WHAT IS EXPECTED -> Your answer should be the lines below from the one with "Their primary school" to the one with "2. 양념장을 팬에 넣고 메추리알 새송이버섯 편 썬마늘을 넣고 조린다.", both included, given again exactly and with nothing added.

Start of PROVIDED INFORMATION

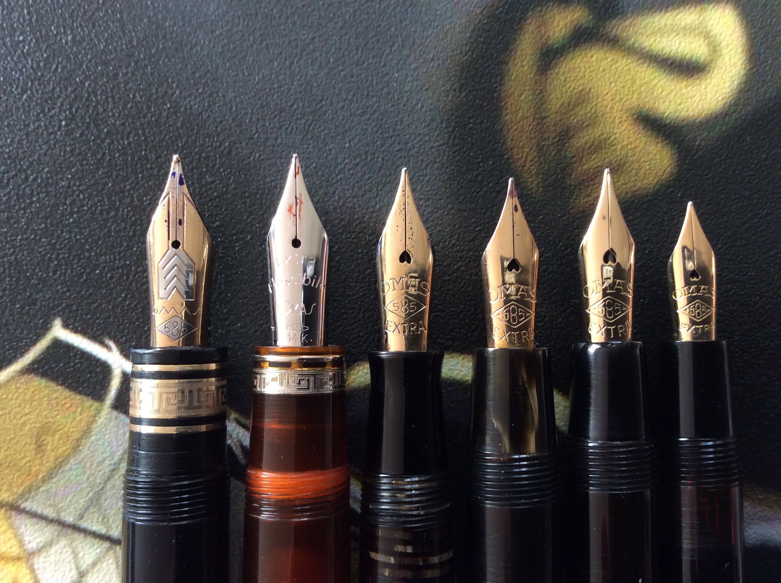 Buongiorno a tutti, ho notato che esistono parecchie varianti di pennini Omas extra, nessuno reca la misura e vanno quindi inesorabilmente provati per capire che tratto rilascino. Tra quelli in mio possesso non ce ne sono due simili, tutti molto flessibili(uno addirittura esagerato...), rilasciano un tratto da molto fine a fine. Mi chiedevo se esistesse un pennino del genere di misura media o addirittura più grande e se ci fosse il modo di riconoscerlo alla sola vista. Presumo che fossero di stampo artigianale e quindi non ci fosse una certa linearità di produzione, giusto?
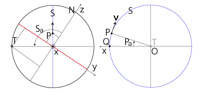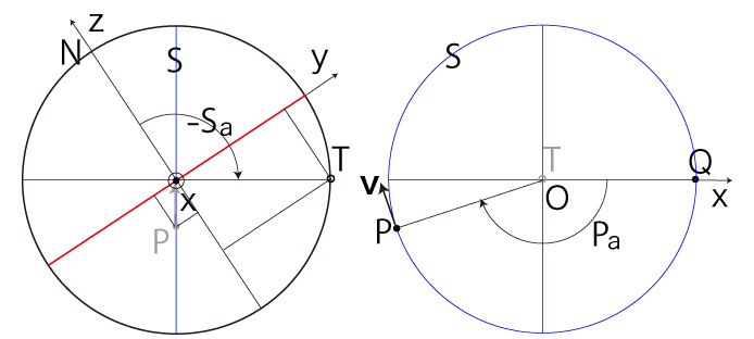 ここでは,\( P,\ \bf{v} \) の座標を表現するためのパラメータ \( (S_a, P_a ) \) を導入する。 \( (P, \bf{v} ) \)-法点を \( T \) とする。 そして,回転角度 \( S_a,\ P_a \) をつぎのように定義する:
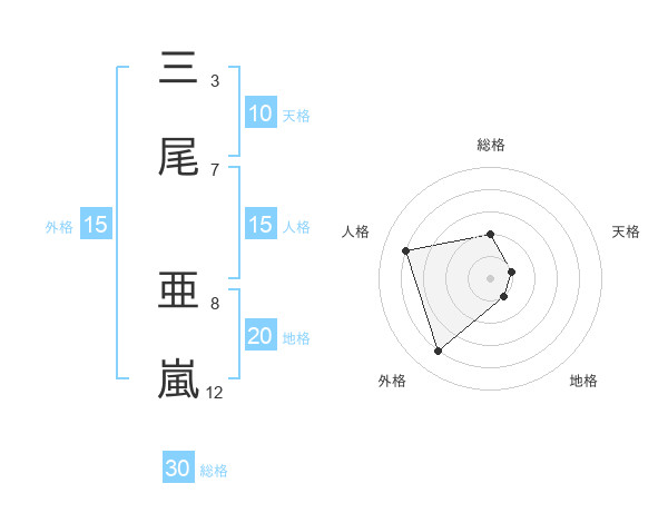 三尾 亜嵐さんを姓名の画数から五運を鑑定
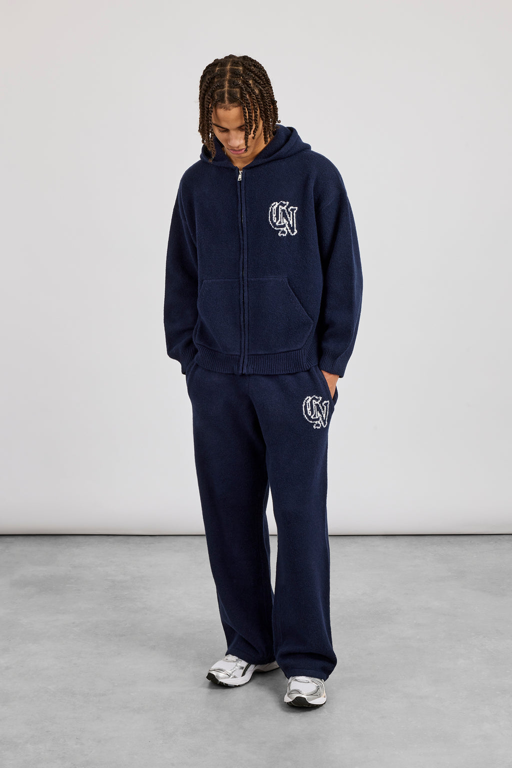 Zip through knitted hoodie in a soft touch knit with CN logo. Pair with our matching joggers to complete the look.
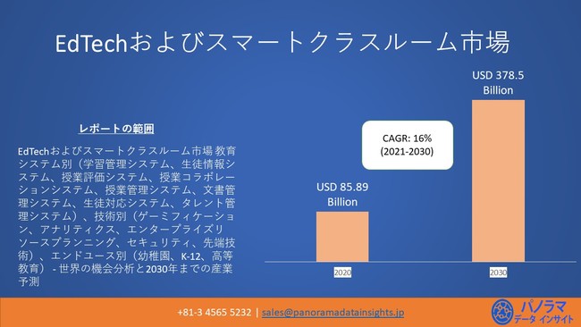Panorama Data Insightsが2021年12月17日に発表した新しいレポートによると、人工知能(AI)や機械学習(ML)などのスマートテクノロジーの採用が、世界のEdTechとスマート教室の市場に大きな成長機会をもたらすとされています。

End of PROVIDED INFORMATION
Start of PROVIDED INFORMATION

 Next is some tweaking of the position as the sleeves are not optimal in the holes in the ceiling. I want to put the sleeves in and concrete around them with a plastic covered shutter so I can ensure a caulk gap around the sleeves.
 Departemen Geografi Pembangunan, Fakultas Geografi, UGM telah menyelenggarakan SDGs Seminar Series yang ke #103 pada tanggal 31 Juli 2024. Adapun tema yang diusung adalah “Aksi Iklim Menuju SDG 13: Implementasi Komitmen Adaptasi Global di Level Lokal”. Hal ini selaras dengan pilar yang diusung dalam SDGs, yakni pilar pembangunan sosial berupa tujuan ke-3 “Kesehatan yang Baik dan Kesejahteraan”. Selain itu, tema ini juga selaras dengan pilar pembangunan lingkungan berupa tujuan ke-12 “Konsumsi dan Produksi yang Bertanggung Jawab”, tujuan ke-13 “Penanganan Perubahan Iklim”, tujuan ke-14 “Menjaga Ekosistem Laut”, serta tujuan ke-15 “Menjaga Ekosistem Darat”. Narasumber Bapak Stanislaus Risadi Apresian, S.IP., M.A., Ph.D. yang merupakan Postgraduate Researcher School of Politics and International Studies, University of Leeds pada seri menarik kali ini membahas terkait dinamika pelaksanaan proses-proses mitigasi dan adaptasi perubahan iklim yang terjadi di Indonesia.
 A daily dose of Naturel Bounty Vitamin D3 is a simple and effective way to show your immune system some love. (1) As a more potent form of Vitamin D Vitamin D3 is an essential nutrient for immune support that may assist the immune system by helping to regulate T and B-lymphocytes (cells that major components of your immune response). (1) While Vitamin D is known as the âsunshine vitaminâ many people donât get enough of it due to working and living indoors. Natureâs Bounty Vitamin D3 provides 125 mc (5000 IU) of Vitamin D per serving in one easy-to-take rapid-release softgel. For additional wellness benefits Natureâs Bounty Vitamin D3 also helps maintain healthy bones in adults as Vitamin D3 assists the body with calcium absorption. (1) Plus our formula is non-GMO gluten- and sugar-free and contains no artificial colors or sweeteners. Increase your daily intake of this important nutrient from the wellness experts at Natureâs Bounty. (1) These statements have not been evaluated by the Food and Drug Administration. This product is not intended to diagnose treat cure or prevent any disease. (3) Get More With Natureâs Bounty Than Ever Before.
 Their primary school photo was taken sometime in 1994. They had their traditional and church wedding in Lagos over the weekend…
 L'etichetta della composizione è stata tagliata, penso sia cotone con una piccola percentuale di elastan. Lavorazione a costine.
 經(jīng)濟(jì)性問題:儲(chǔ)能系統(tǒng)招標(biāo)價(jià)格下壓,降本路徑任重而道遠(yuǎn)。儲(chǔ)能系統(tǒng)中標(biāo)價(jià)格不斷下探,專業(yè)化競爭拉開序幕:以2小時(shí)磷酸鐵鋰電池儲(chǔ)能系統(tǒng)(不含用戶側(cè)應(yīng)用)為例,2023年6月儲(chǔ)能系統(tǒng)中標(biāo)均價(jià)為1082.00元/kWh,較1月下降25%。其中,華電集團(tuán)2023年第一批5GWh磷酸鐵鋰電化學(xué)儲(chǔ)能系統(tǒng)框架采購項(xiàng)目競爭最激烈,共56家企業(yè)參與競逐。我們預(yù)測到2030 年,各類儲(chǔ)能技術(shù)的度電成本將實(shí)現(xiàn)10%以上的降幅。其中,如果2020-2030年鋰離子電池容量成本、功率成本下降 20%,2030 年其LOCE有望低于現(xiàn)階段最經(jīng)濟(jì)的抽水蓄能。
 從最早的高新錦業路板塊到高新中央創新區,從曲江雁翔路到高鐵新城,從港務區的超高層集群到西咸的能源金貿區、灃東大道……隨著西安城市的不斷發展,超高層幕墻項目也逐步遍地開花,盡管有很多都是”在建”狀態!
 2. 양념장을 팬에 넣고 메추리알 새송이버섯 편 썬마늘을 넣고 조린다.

End of PROVIDED INFORMATION
Start of PROVIDED INFORMATION

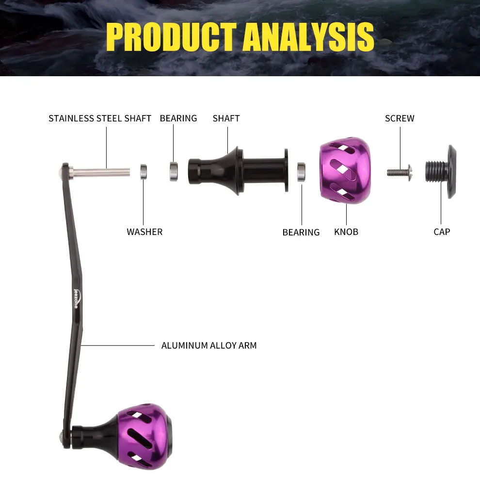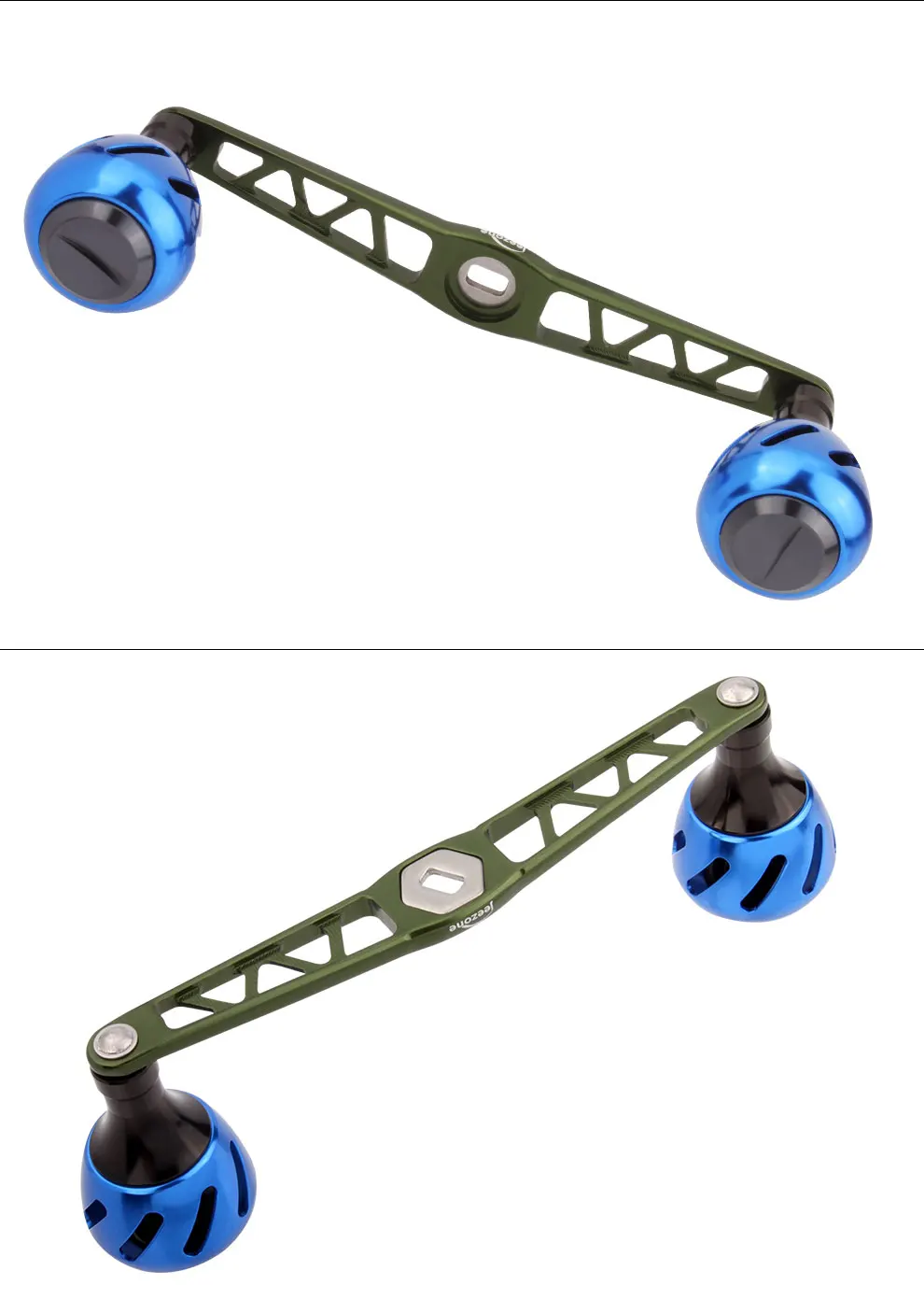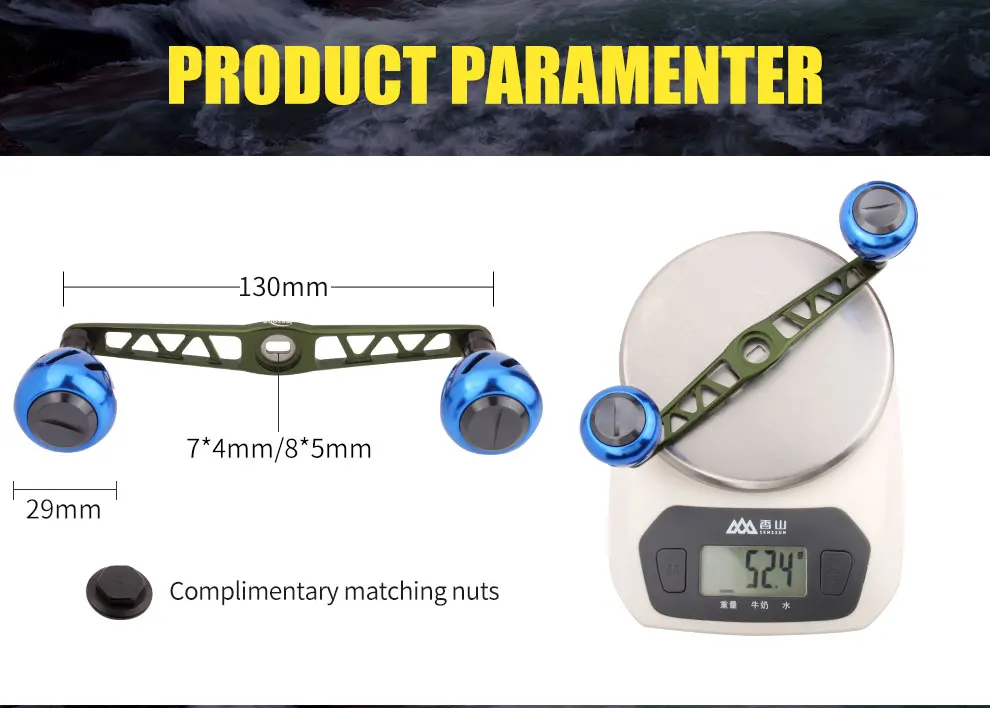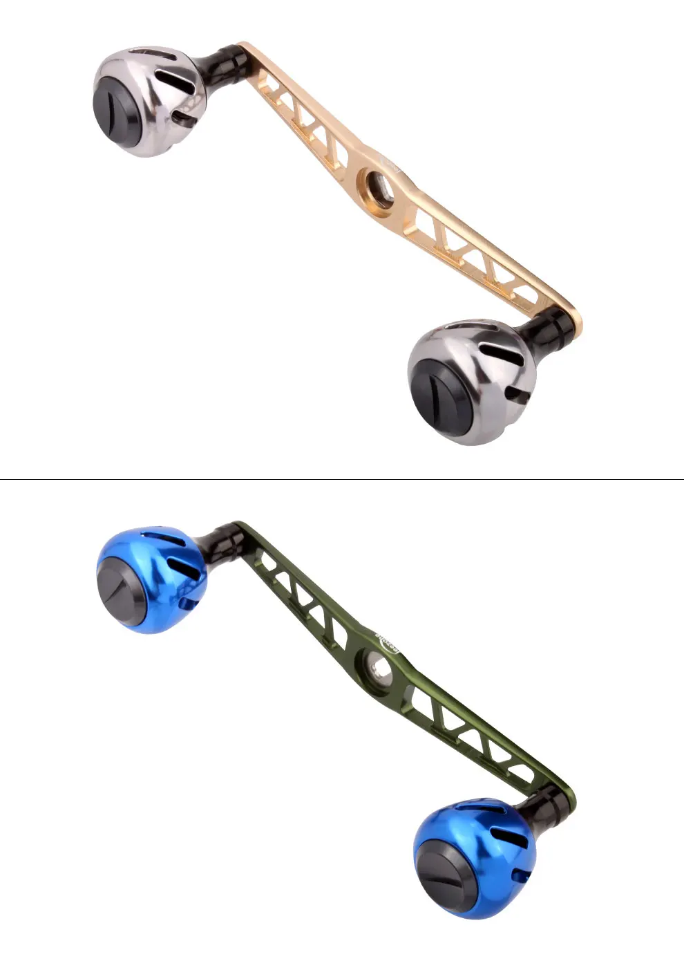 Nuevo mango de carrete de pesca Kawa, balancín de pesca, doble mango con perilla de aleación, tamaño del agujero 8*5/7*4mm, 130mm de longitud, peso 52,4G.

End of PROVIDED INFORMATION

SOLUTION BELOW ->
 Their primary school photo was taken sometime in 1994. They had their traditional and church wedding in Lagos over the weekend…
 L'etichetta della composizione è stata tagliata, penso sia cotone con una piccola percentuale di elastan. Lavorazione a costine.
 經(jīng)濟(jì)性問題:儲(chǔ)能系統(tǒng)招標(biāo)價(jià)格下壓,降本路徑任重而道遠(yuǎn)。儲(chǔ)能系統(tǒng)中標(biāo)價(jià)格不斷下探,專業(yè)化競爭拉開序幕:以2小時(shí)磷酸鐵鋰電池儲(chǔ)能系統(tǒng)(不含用戶側(cè)應(yīng)用)為例,2023年6月儲(chǔ)能系統(tǒng)中標(biāo)均價(jià)為1082.00元/kWh,較1月下降25%。其中,華電集團(tuán)2023年第一批5GWh磷酸鐵鋰電化學(xué)儲(chǔ)能系統(tǒng)框架采購項(xiàng)目競爭最激烈,共56家企業(yè)參與競逐。我們預(yù)測到2030 年,各類儲(chǔ)能技術(shù)的度電成本將實(shí)現(xiàn)10%以上的降幅。其中,如果2020-2030年鋰離子電池容量成本、功率成本下降 20%,2030 年其LOCE有望低于現(xiàn)階段最經(jīng)濟(jì)的抽水蓄能。
 從最早的高新錦業路板塊到高新中央創新區,從曲江雁翔路到高鐵新城,從港務區的超高層集群到西咸的能源金貿區、灃東大道……隨著西安城市的不斷發展,超高層幕墻項目也逐步遍地開花,盡管有很多都是”在建”狀態!
 2. 양념장을 팬에 넣고 메추리알 새송이버섯 편 썬마늘을 넣고 조린다.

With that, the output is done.